Considering the people little more than an irritating afterthought, Shell are looking to fully exploit the Corrib Gas Field (a reserve of natural gas situated 80 km off the west coast of County Mayo) by pumping unrefined gas 9km inland through an inhabited area to a refinery. Work on the offshore section occurred in the summer of 2009, with work on the onshore pipeline set to begin shortly, after a recent Bord Pleanála ruling which approved the third proposed route to link a landfall at Glengad to a gas terminal at Bellinaboy.

In an Irish era of government gone absolutely mad, The Pipe takes viewers into an altogether deeper circle of hell, as a community of hardworking people face up to the might of the Irish State, the oil giant, uniformed gardaí and hired goon squads from private security firms as they struggle to protect the town of Rossport and its surroundings.

Horrendous scenes of locals being beaten by gardai will be nothing new to those who have followed the ins and outs of this saga, but viewers fresh to the Orwellian square-off will be shocked.
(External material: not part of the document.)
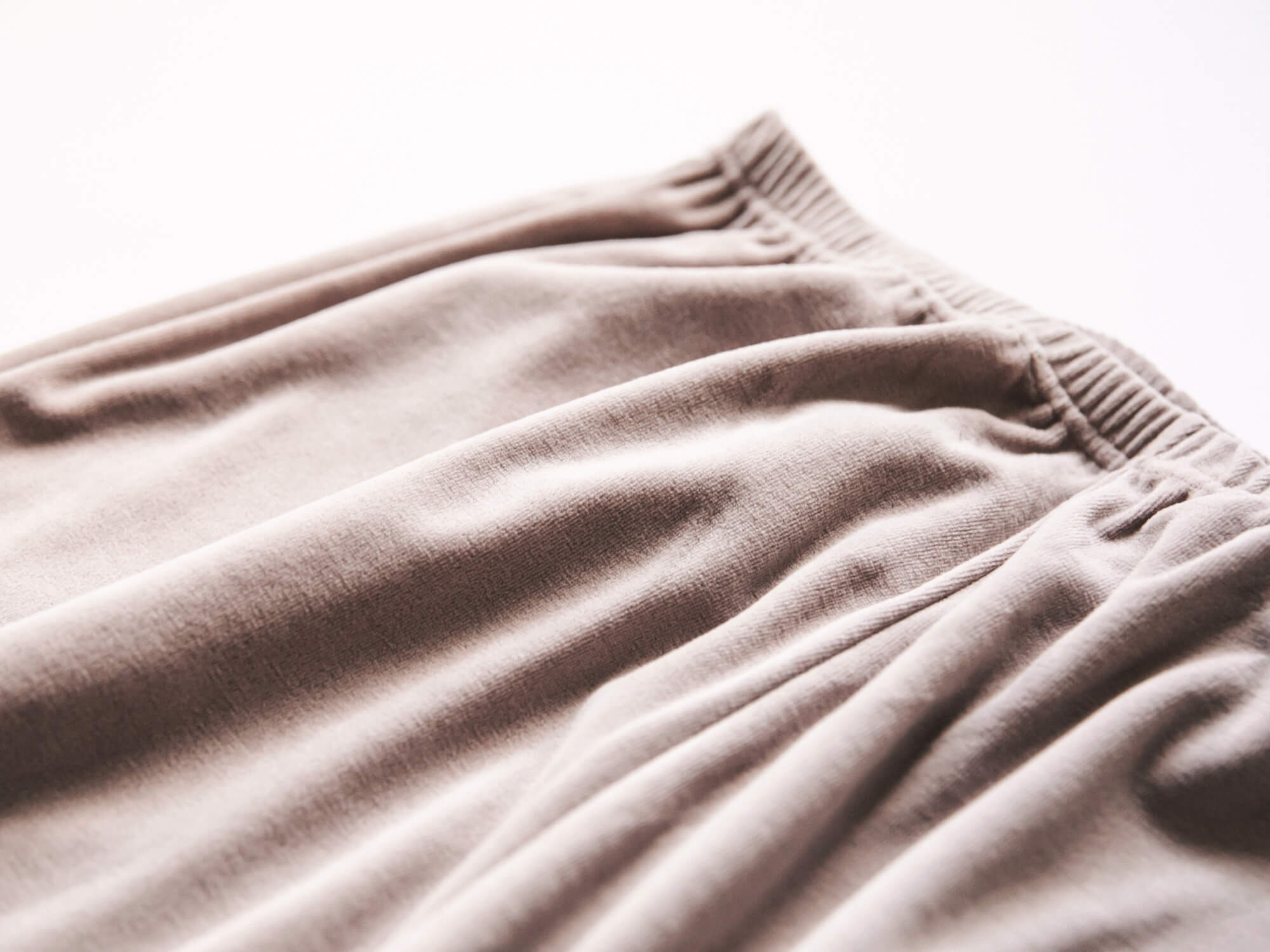 ベロアは空気を含みやすく、ほんのり保温性があるのも嬉しいところ。冷え込む季節でも、しっかりあたたかく、軽やかに過ごせます。

For example, at one point a swimming protestor in a wetsuit is covered (apparently deliberately) with the seabed contents of a crane’s bucket, as Shell tears the local beach asunder to suit its piping needs, all the time protected by authorities.
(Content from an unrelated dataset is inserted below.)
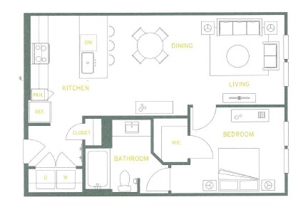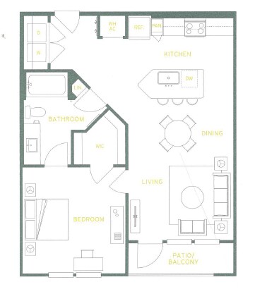 Apartment Model: A1From $1,2991 Bedroom, 1 Bath, 736-754 sq ftAvailable Now![]()

Probably the two most high profile episodes to have arisen from the 11-year campaign against Shell include the jailing of the so-called Rossport Five, and the seafaring protests undertaken by local area fishermen, led by Pat ‘The Chief’ O’Donnell.

The Rossport Five: James Brendan Philbin, brothers Philip and Vincent McGrath, Willie Corduff and Micheál Ó Seighin, were jailed for three months in 2005 for contempt of court after they refused to obey a court injunction forbidding them to interfere with Shell’s work on their land.
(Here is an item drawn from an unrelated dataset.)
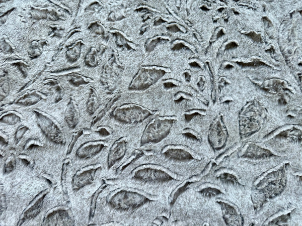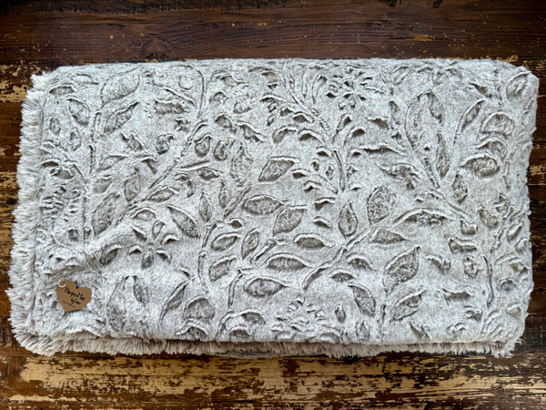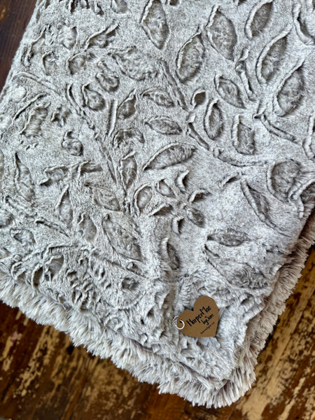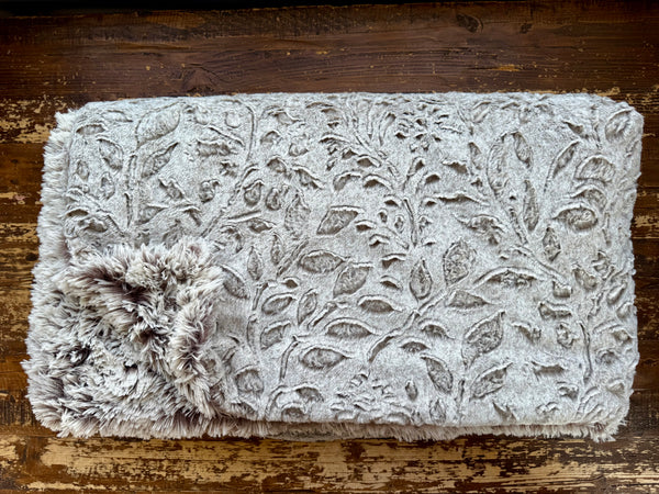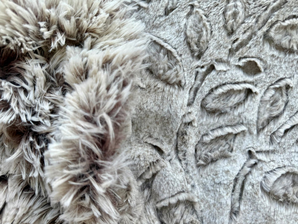 This adult-sized minky blanket is the perfect blend of beauty and coziness. The front features a raised floral and leafy embossed design in a soft, soothing taupe tone, giving it a timeless and sophisticated look. The reverse side is backed with luxuriously plush faux fur minky in a shaggy tan with white tip fur, offering warmth, softness, and a touch of elegance.

In 2008 O’Donnell laid 800 crab pots along the intended path of the Shell vessel Solitaire, and heroically defended them under the shadow of the largest pipe-laying ship in the world. After being arrested, O’Donnell’s boat was eventually sunk by masked raiders – all because he had the audacity to break a “sea exclusion zone” imposed to protect Shell. He endured 158 days in prison for his troubles.

It is the latter tale which makes up the most dramatic part of the documentary, as O’Donnell squares up to the Garda water unit which arrives on the scene to ensure smooth passage for the oil company. In poignant scenes, with the hulking Solitaire looming over him like some sort of modern day Amistad, O’Donnell is seen to be on first name terms with the gardaí who arrive to arrest him. It’s a crushing reminder of how a government’s insistence that a corporate giant be accommodated for a paltry sum has torn a community apart.

Just how paltry is this sum which has seen the Irish government abandon its own?

Shell operates and holds a 45% stake in the Corrib Gas project, with Statoil holding 36.5% and Vermilion Energy 18.5%. Mathematicians among us will see that doesn’t leave much for the benefit of the Irish people. Although government figures put the value of the reserves at €420 billion, owing to deals made by the Haughey government, the people of Norway will see a great deal more of that than we will. Norway, you see, owns 67% of Statoil, which in turn holds 36.5% of the Corrib project. As part of what has been termed “The Great Oil and Gas Giveaway”, our public stake in the Corrib project amounts to a big fat whopping zero.

In 1987, Minister for Energy Ray Burke (since jailed for corruption) abolished all royalties on petroleum and natural gas extraction and removed Ireland’s right to participation, in what DickSpring labeled an act of “economic treason.” In 1992, then Minister for Finance Bertie Ahern reduced the tax rate for exploration companies from 50% to 25%. By 2009, Ireland’s was ranked the lowest government take on such resources in Western Europe.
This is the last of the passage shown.